# Pending failure depth

### What it is

When a group's test run fails in the merge queue, it doesn't immediately get evicted. Instead, it enters a **Pending Failure** state — a holding state where the system hasn't yet decided whether to mark the group as failed or, if [batching](https://docs.trunk.io/merge-queue/optimizations/batching) is enabled, to bisect the batch to isolate the culprit.

{% hint style="info" %}
Throughout this page, "group" means either a batch of PRs (when [batching](https://docs.trunk.io/merge-queue/optimizations/batching) is enabled) or an individual PR (when it's not).
{% endhint %}

#### Waiting for Predecessors

A group in Pending Failure always waits for predecessor groups (the PRs ahead of it in the queue) to finish testing. This is how the system determines root cause:

* If a predecessor also failed, the current group's failure may have been caused by the predecessor. The current group will be retested once the bad predecessor is removed.
* If all predecessors passed, the failure is attributable to the current group itself.

This predecessor-waiting happens regardless of the Pending Failure Depth setting.

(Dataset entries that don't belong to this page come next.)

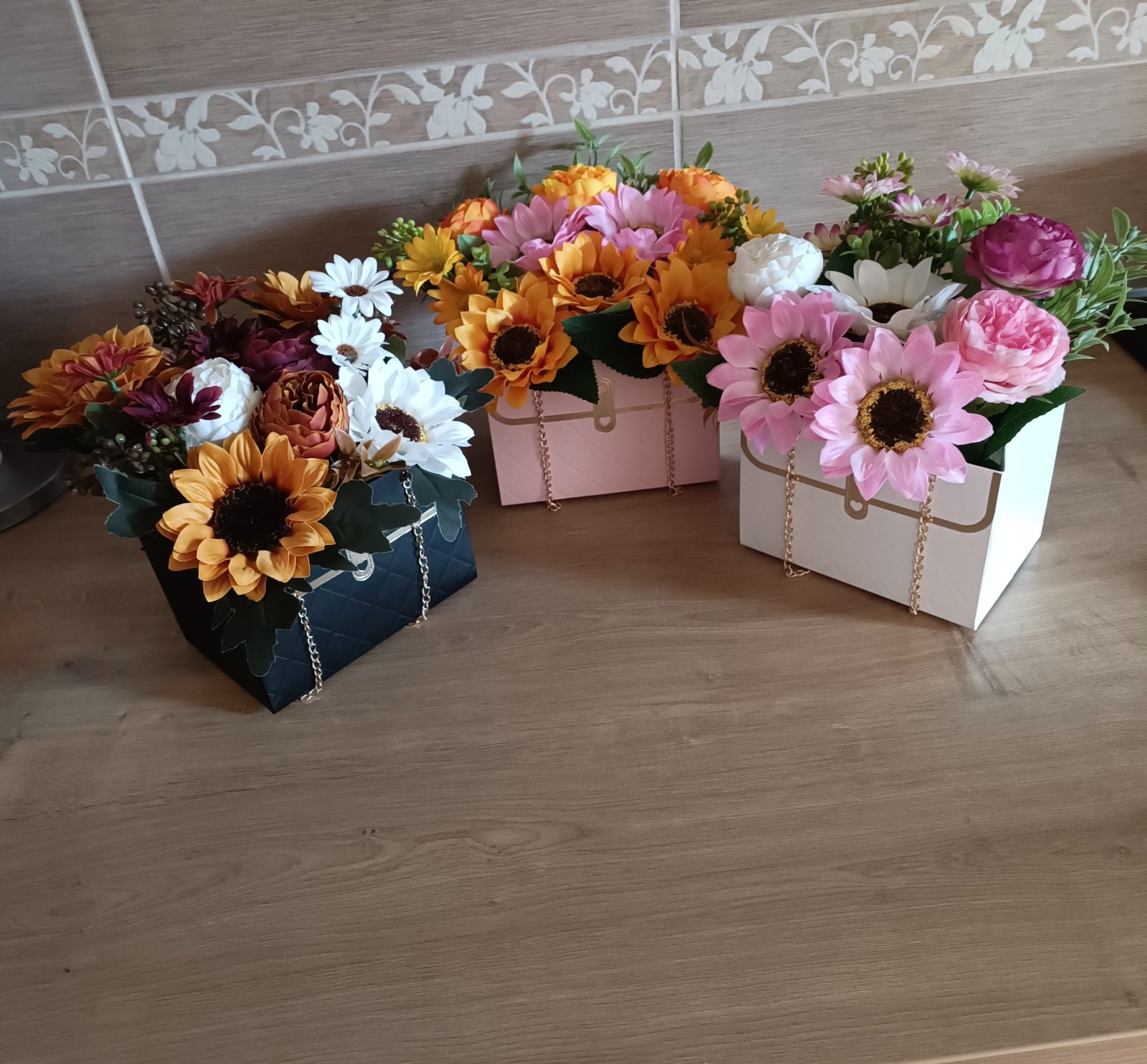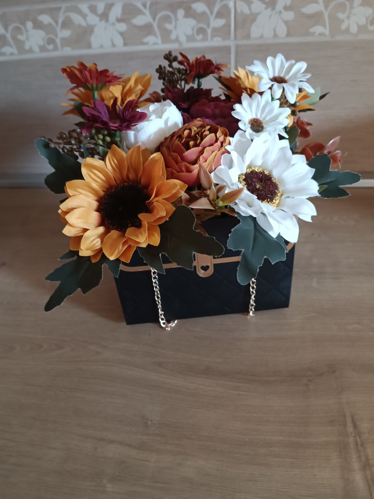 Aranžmán kvetov v kabelke, dekorácia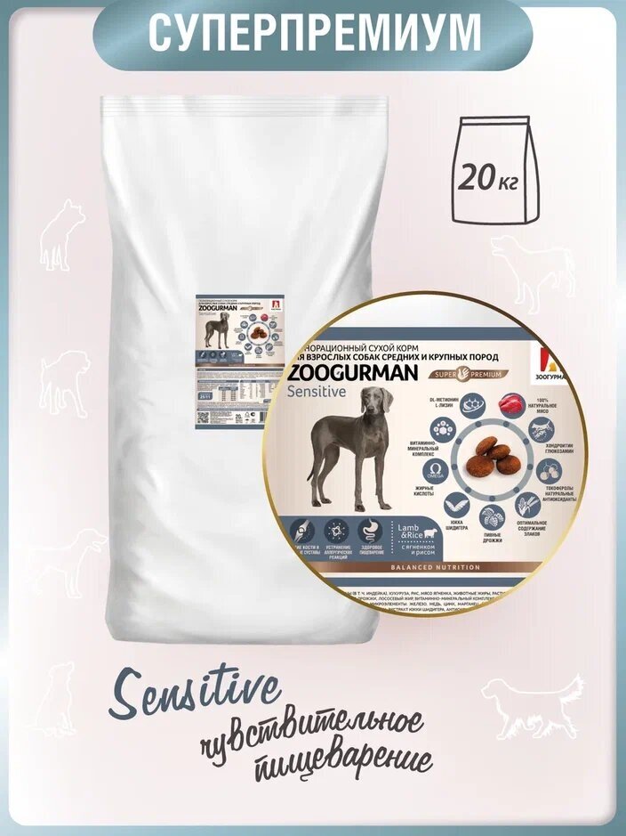 Модель: Полнорационный сухой корм д/с средних и крупных пород Zoogurman Sensitive, Ягненок с рисом 2,2 к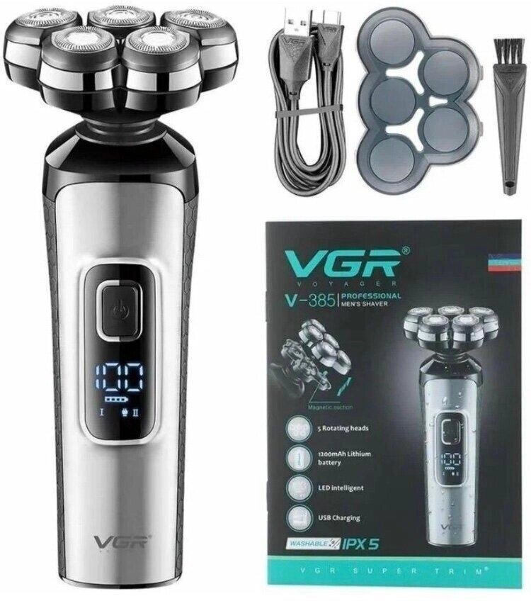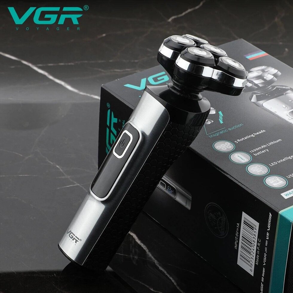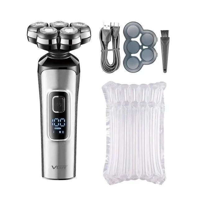 Мужская электробритва VGR V-385, роторная, с плавающими головками и дисплеем, Серый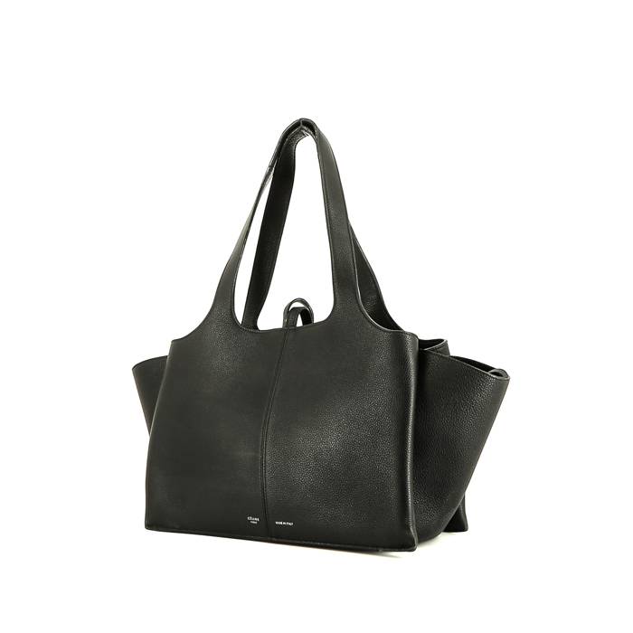 Elegante bolso de mano Celine Tri-Fold de cuero negro, adorno en metal plateado, doble asa de cuero negro para llevar en la mano o al hombro.

#### Waiting for Successors (Controlled by Pending Failure Depth)

**Pending Failure Depth** is a configuration value (integer, default 0) that controls how many levels of **successor** test runs (PRs behind the failed group in the queue) the system also waits on before transitioning the group out of the Pending Failure state.

* **When set to 0 (default):** The successor check is skipped. The group transitions as soon as the predecessor condition is met.
* **When set to a value greater than 0:** The system additionally waits for successor groups within that many hops to finish testing before transitioning.

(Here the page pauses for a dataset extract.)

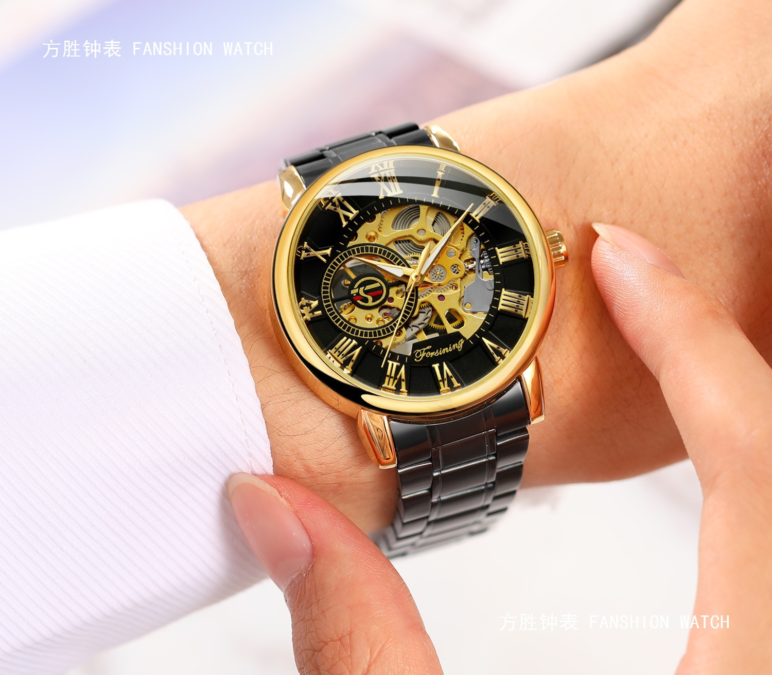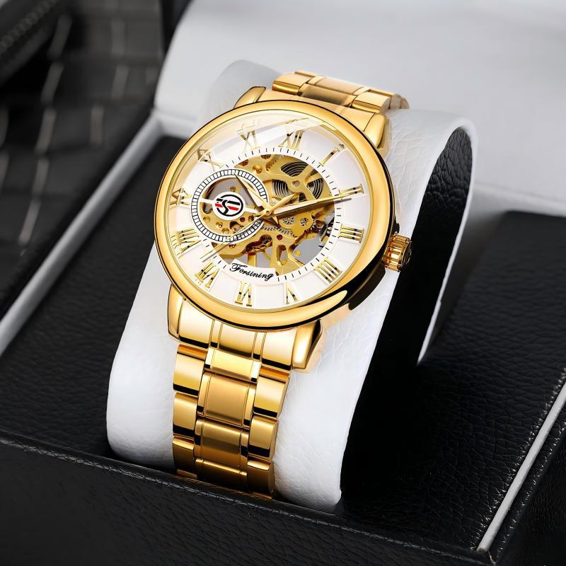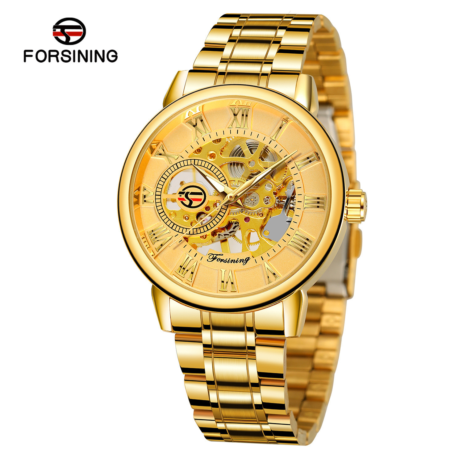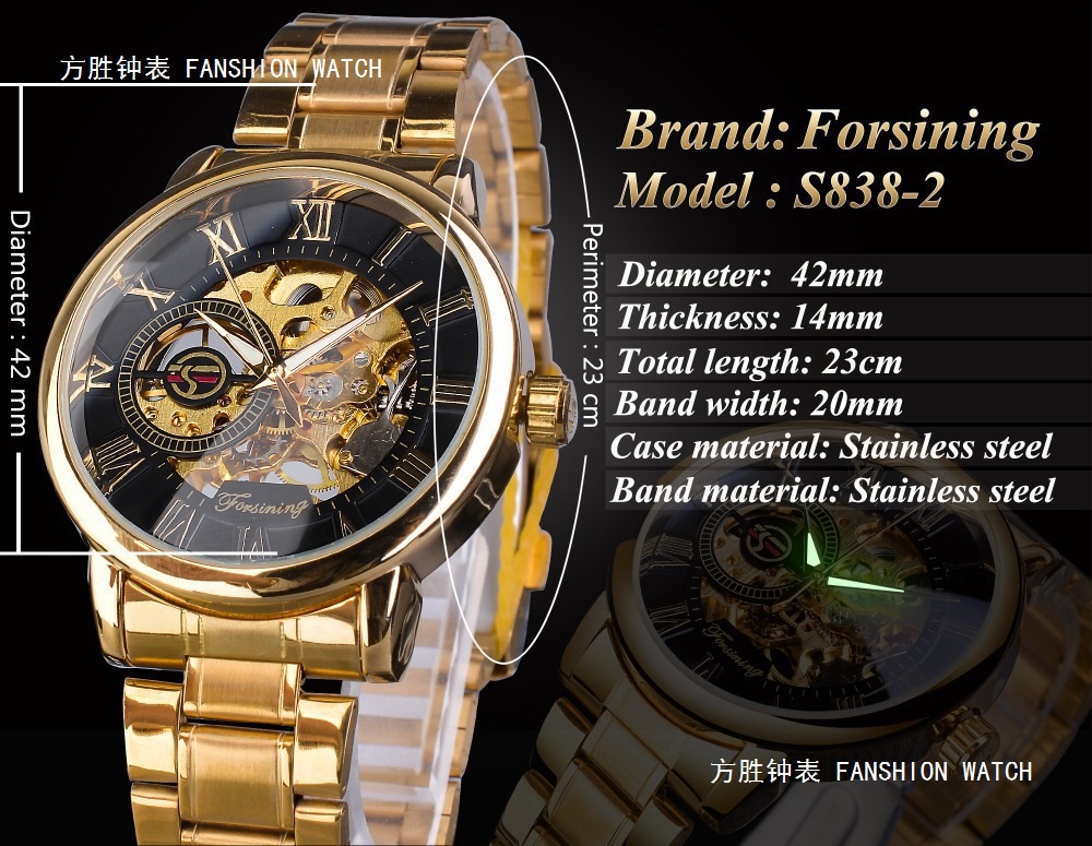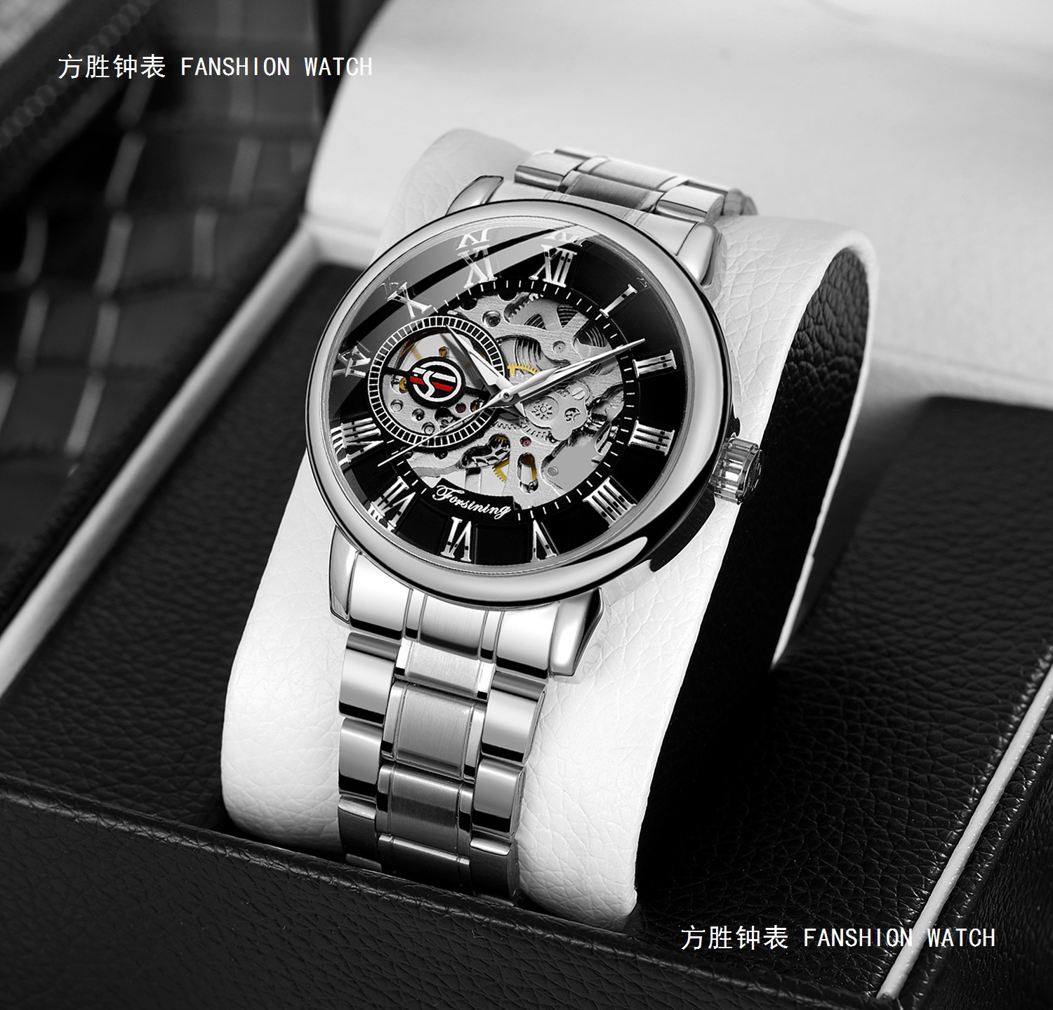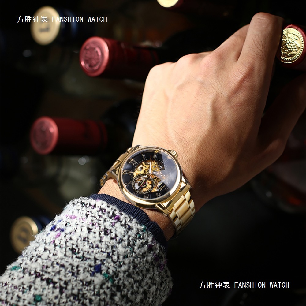 FORSINING男士时尚罗马字机械手表镂空钢带全自动机械表

#### Why Wait for Successors?

The value of waiting for successors depends on whether [optimistic merging](https://docs.trunk.io/merge-queue/optimizations/optimistic-merging) is enabled:

* **With optimistic merging (primary use case):** If the failure was caused by a flake rather than a real code problem, a successor further down the queue may pass its tests. Because that successor's test run includes the failed group's changes, a passing result is proof that those changes work. Optimistic merging uses this to retroactively clear the failed group and merge it. The Pending Failure Depth window gives those successors time to finish testing before the system prematurely fails or bisects the group. This is the automated [anti-flake protection](https://docs.trunk.io/merge-queue/optimizations/anti-flake-protection) path.
* **Without optimistic merging:** The hold window gives you time to manually inspect the failure and restart the test run if it looks transient, before the system auto-transitions the group to Failed (or bisection, if [batching](https://docs.trunk.io/merge-queue/optimizations/batching) is enabled). This is the only benefit without optimistic merging.

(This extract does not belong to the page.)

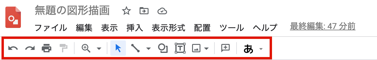 描画する際は上部にあるツールを使います。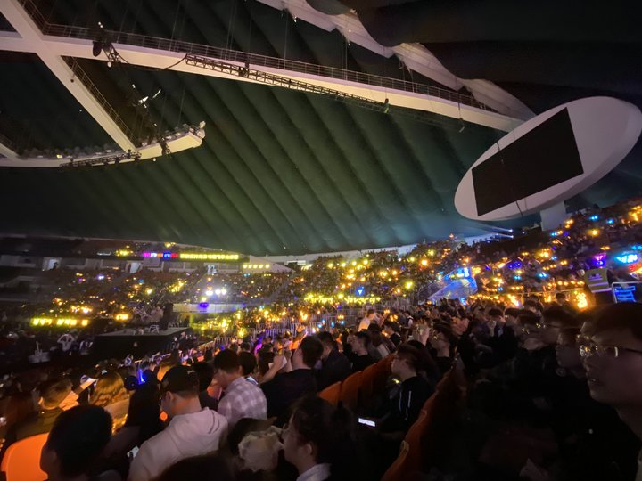 如果你曾对饭圈文化的灯牌 battle 有所耳闻,那你估计能在这里看到更「外放」的粉丝应援之战。灯牌是有的,蓝黄灯光分列场馆两方,但两边粉丝基本没有靠灯牌分胜负的心。

{% hint style="warning" %}
Pending Failure Depth only helps with transient (flaky) failures. For legitimate failures that propagate to successors, those successors will also fail, and the hold window expires without clearing the failure.
{% endhint %}

#### Example: Anti-Flake Protection in Action

This example shows how Pending Failure Depth works together with optimistic merging to automatically recover from a flaky failure:

<table><thead><tr><th width="331">What's Happening?</th><th>Queue</th></tr></thead><tbody><tr><td><strong>A</strong>, <strong>B</strong>, <strong>C</strong> begin predictive testing</td><td><code>main</code> &#x3C;- <strong>A</strong> &#x3C;- <strong>B</strong>+a &#x3C;- <strong>C</strong>+ba</td></tr><tr><td><strong>B</strong> fails testing (a flake)</td><td><code>main</code> &#x3C;- <strong>A</strong> &#x3C;- <mark style="color:red;"><strong>B</strong>+a</mark> &#x3C;- <strong>C</strong>+ba</td></tr><tr><td>Pending Failure Depth keeps <strong>B</strong> in the queue while <strong>C</strong> finishes testing</td><td><code>main</code> &#x3C;- <strong>A</strong> &#x3C;- <mark style="color:red;"><strong>B</strong>+a</mark> (hold) &#x3C;- <strong>C</strong>+ba</td></tr><tr><td><strong>C</strong> passes — proving <strong>B</strong>'s failure was a flake</td><td><code>main</code> &#x3C;- <strong>A</strong> &#x3C;- <mark style="color:red;"><strong>B</strong>+a</mark> &#x3C;- <mark style="color:green;"><strong>C</strong>+ba</mark></td></tr><tr><td>Optimistic merging clears <strong>B</strong> and merges <strong>A</strong>, <strong>B</strong>, <strong>C</strong></td><td><code>merge</code> <strong>A B C</strong></td></tr></tbody></table>

Without Pending Failure Depth, **B** would have been immediately evicted or bisected when its tests failed — even though the failure was transient and **C**'s passing result proves the changes work.

### Why use it

* **Automated flake recovery with optimistic merging** - When combined with [optimistic merging](https://docs.trunk.io/merge-queue/optimizations/optimistic-merging), a passing successor automatically clears a flaky failure without any manual intervention. This is the [anti-flake protection](https://docs.trunk.io/merge-queue/optimizations/anti-flake-protection) mechanism.
* **Manual inspection window without optimistic merging** - Even without optimistic merging, the hold gives you a grace period to inspect the failure and manually restart the test run if it looks transient, before the system auto-transitions the group to Failed (or bisection, if [batching](https://docs.trunk.io/merge-queue/optimizations/batching) is enabled).
* **Reduce developer disruption** - PRs that failed due to flakes are not unnecessarily evicted, so authors don't need to re-enqueue or investigate non-issues.
* **Prevent premature bisection of batches** - When [batching](https://docs.trunk.io/merge-queue/optimizations/batching) is enabled, the hold prevents the system from immediately bisecting a batch that may have only failed due to a transient issue.

### How to enable

{% hint style="info" %}
Pending Failure Depth is **set to 0 by default** (successor-waiting disabled). We recommend enabling it after you have [optimistic merging](https://docs.trunk.io/merge-queue/optimizations/optimistic-merging) configured and your basic queue setup is working.
{% endhint %}

Configure Pending Failure Depth in **Settings** > **Repositories** > your repository > **Merge Queue** > select a value from the **Pending Failure Depth** dropdown.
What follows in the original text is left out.